> [WHAT IS NEEDED]: Pictures stay out of the output. Return exactly the lines below from the one with "Електрична рушникосушка Laris" down to the one with "A nova coleção", both included, and nothing more.
========================
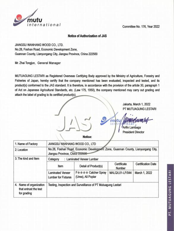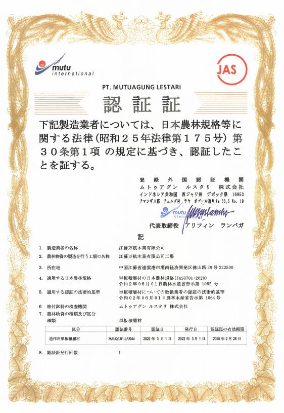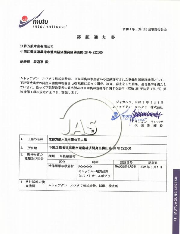 萬航順利通過JAS認證,獲得JAS證書
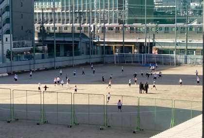 1年生の体育の授業です。寒い中元気に走り回っています!
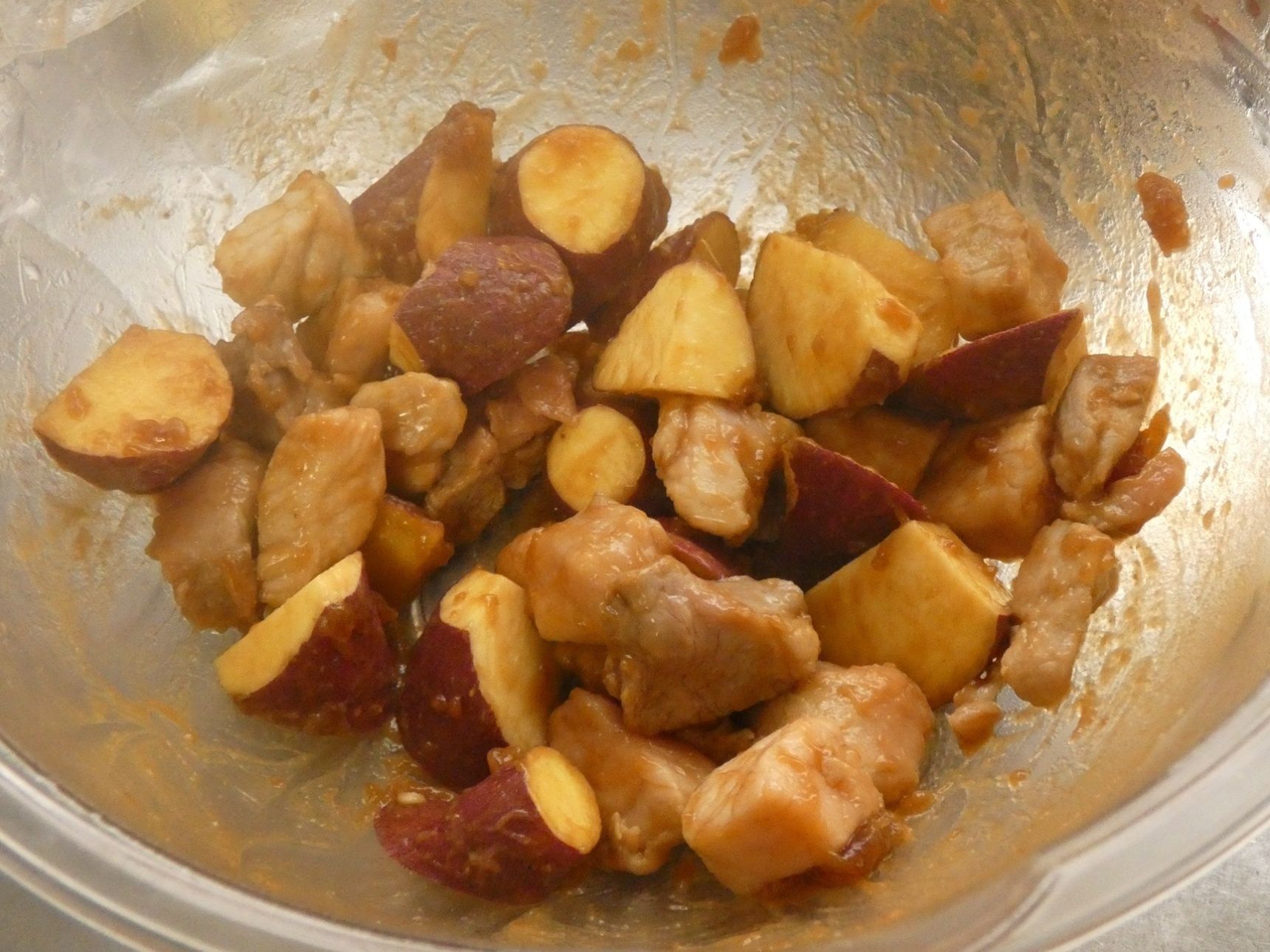 さつま芋と豚肉、Aを耐熱容器に入れてさっと混ぜます。ふんわりラップをし、電子レンジ600wで3分加熱します。
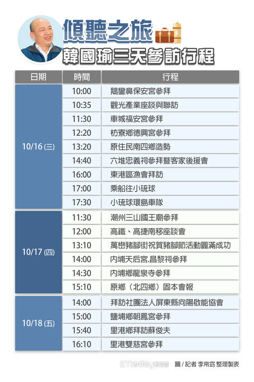 ▲韓國瑜三天參訪行程。(圖/記者李帛窈 整理製表,點圖可放大)
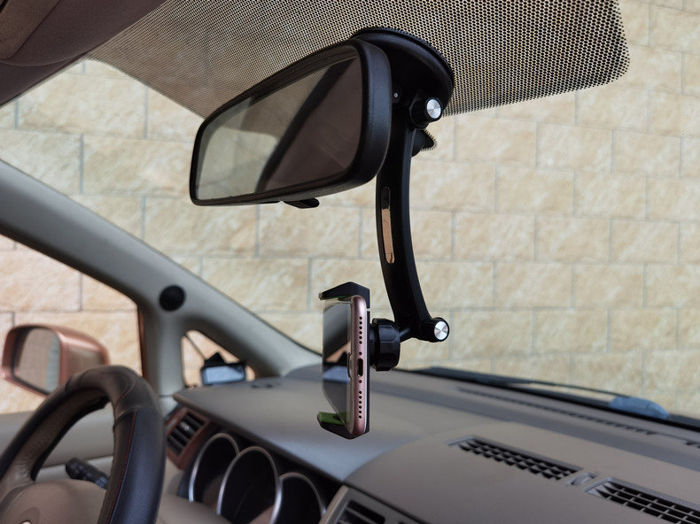 視界を妨げずに端末を固定でき、運転中の画面確認が快適になります。
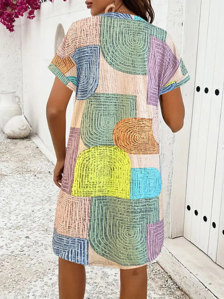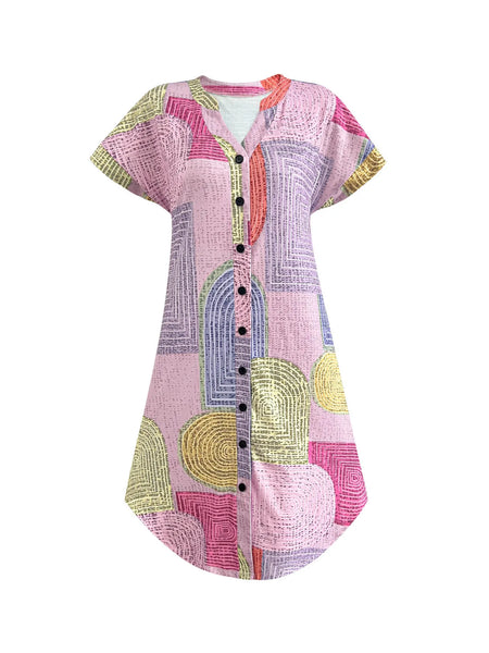 Geometric V-Neck Short Sleeve Button-Front Dress
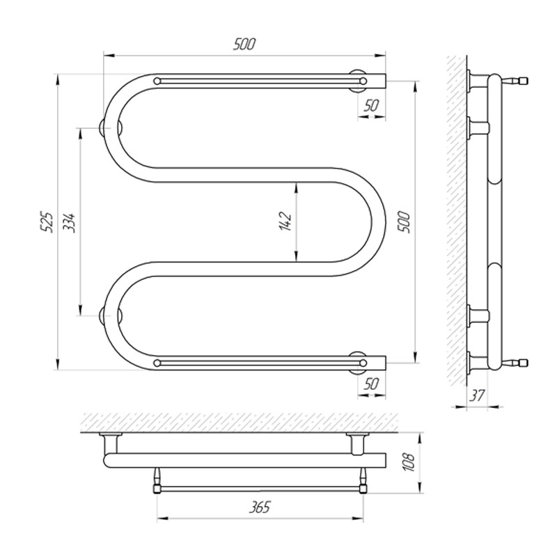 Електрична рушникосушка Laris Змійовик 25 ЧФ3, з 2-ма поличками ліва розетка
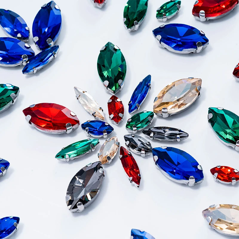 DUCrystal 50pcs/pack Mix Size Glass Crystal Sew On Rhinestones Flatback Rhinestones for Clothes Crafts Sewing Beads Decorations
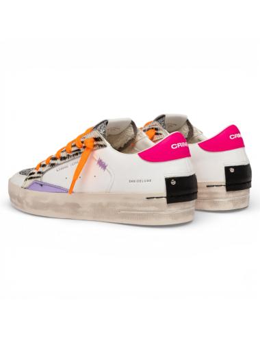 White leather upper is enhanced by lilac foil details and zebra inserts. Fuchsia suede heel tab, the silver glitter tongue with leather logo label and the black leather back patch push the fashion look. The double fluorescent orange and white lace allows for high-impact styling. The only iridescent tag signs the Crime London aesthetic.
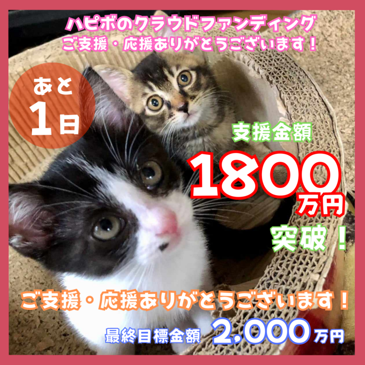 昨日1800万円を突破し、最終日である本日、
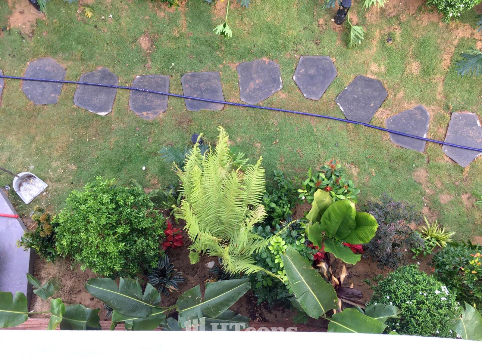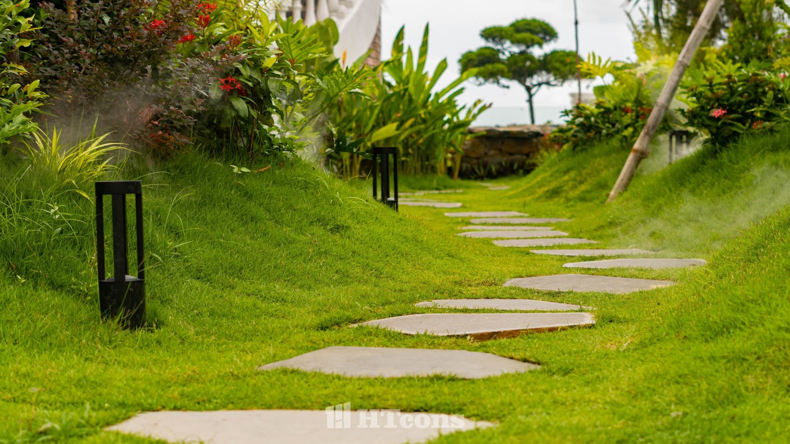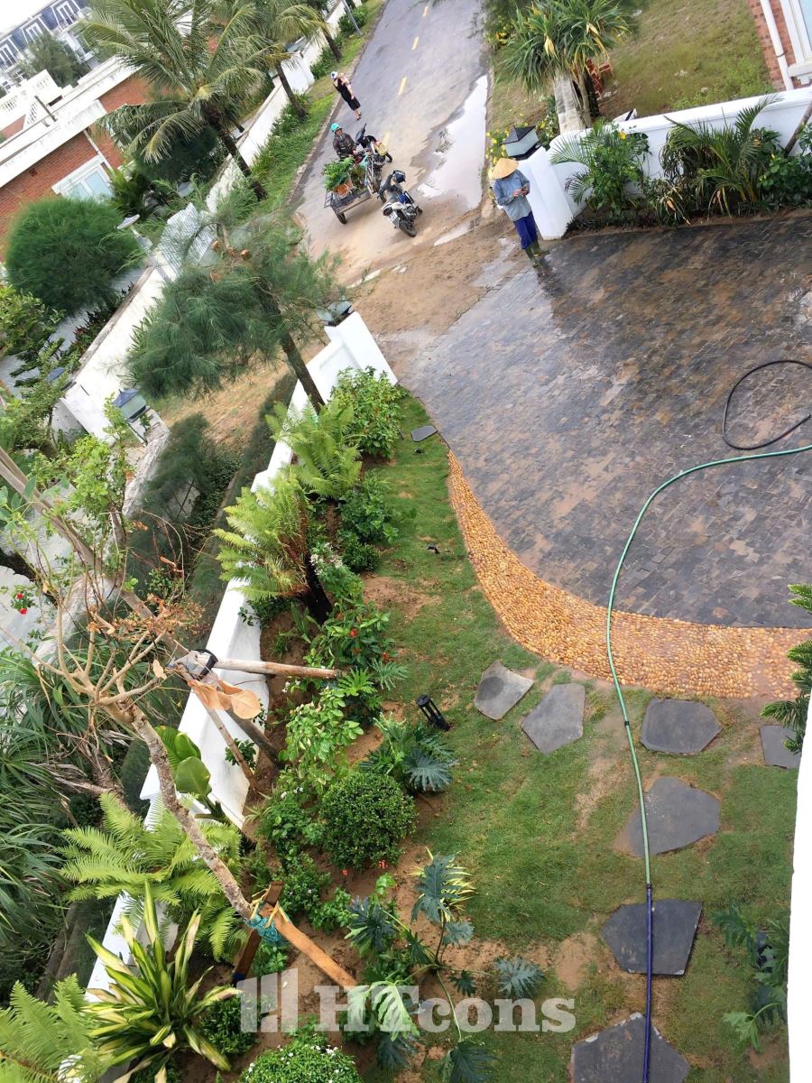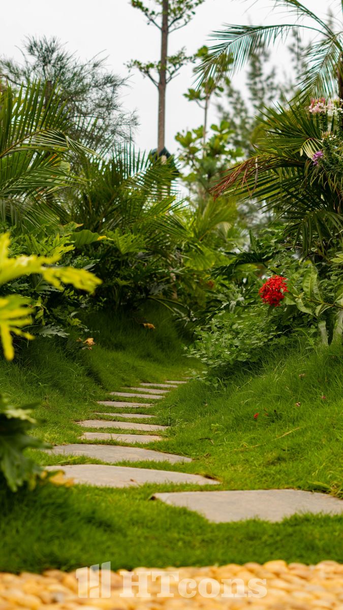 Tiếp theo, mời mọi người cùng chiêm ngưỡng khu vực sân vườn với phong cách nhiệt đới xanh mát!
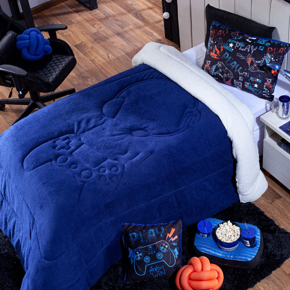 A nova coleção de coberdrons Game Win traz toda a sofisticação e aconchego. Por possuírem dupla face, apresentam superfície que valoriza ainda mais as cores, confeccionado em pantográfica computadorizada com lindos desenhos temáticos pantografados no coberdrom! Composto de Manta Microfibra em poliéster com 150gr de enchimento e em Sherpa simulando lã de carneiro, extremamente macio e perfeito para aquecer. Acompanhando também um porta-travesseiro estampado temático super moderno! Ideal para decorar, trazer conforto e tornar o quarto ainda mais convidativo e elegante! Confira!
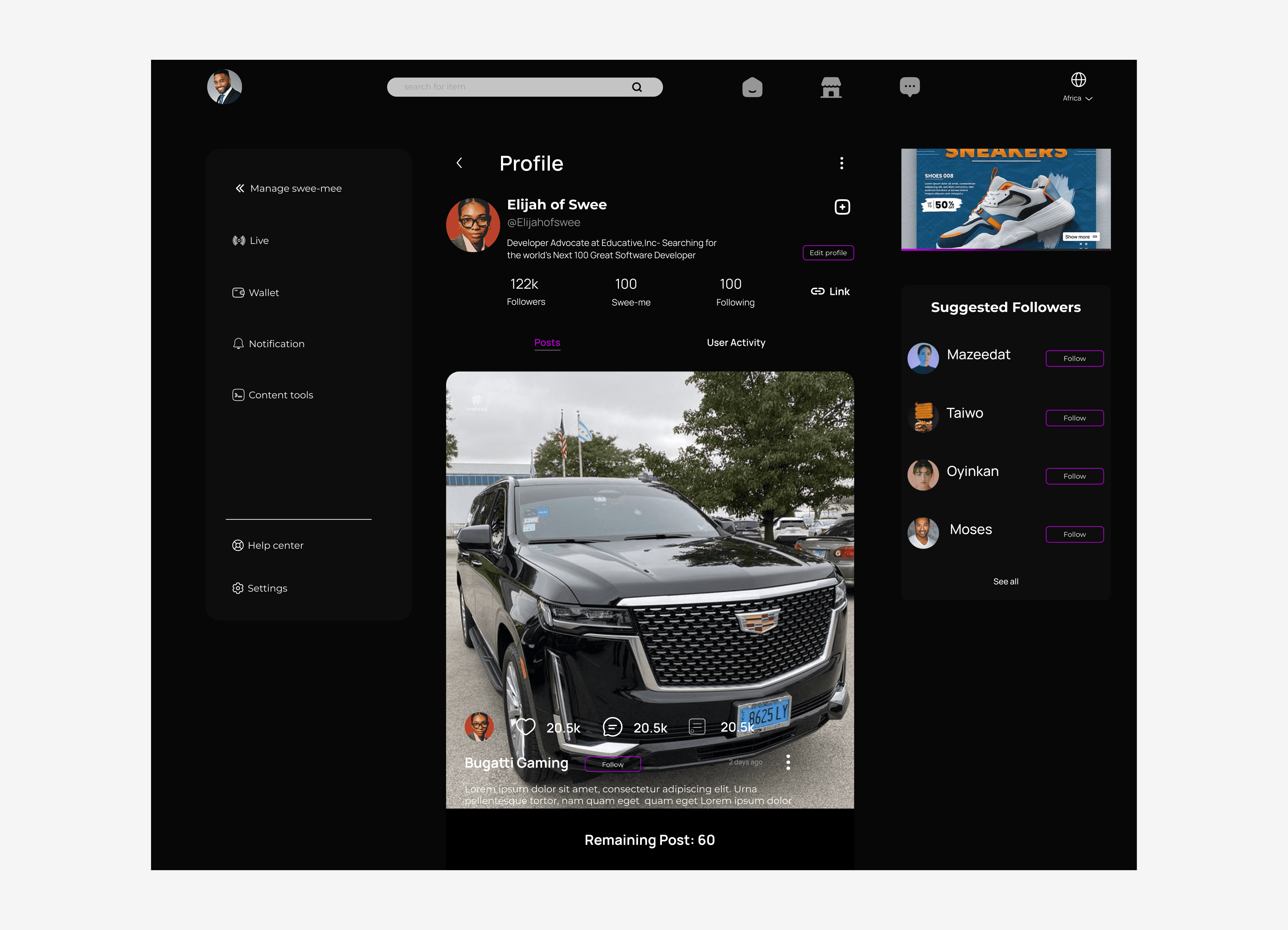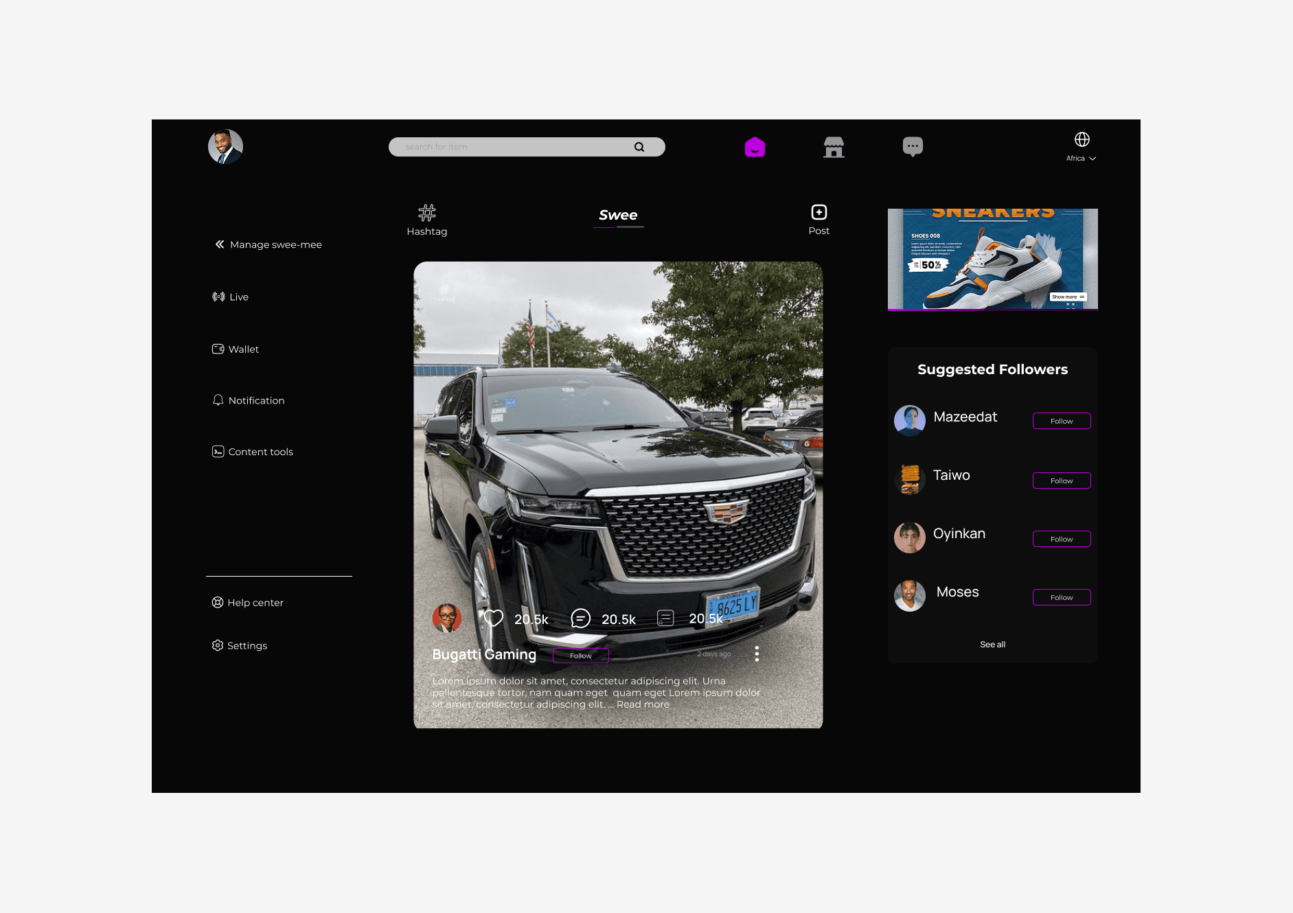 The social media App, Swee is a social media integrated with e-commerce and fintech tools it is a web and mobile app designed to make content more easy to create for content creators and also journalist...
========================
> [RESULT OF THIS EXERCISE]:
 Електрична рушникосушка Laris Змійовик 25 ЧФ3, з 2-ма поличками ліва розетка
 DUCrystal 50pcs/pack Mix Size Glass Crystal Sew On Rhinestones Flatback Rhinestones for Clothes Crafts Sewing Beads Decorations
 White leather upper is enhanced by lilac foil details and zebra inserts. Fuchsia suede heel tab, the silver glitter tongue with leather logo label and the black leather back patch push the fashion look. The double fluorescent orange and white lace allows for high-impact styling. The only iridescent tag signs the Crime London aesthetic.
 昨日1800万円を突破し、最終日である本日、
 Tiếp theo, mời mọi người cùng chiêm ngưỡng khu vực sân vườn với phong cách nhiệt đới xanh mát!
 A nova coleção de coberdrons Game Win traz toda a sofisticação e aconchego. Por possuírem dupla face, apresentam superfície que valoriza ainda mais as cores, confeccionado em pantográfica computadorizada com lindos desenhos temáticos pantografados no coberdrom! Composto de Manta Microfibra em poliéster com 150gr de enchimento e em Sherpa simulando lã de carneiro, extremamente macio e perfeito para aquecer. Acompanhando também um porta-travesseiro estampado temático super moderno! Ideal para decorar, trazer conforto e tornar o quarto ainda mais convidativo e elegante! Confira!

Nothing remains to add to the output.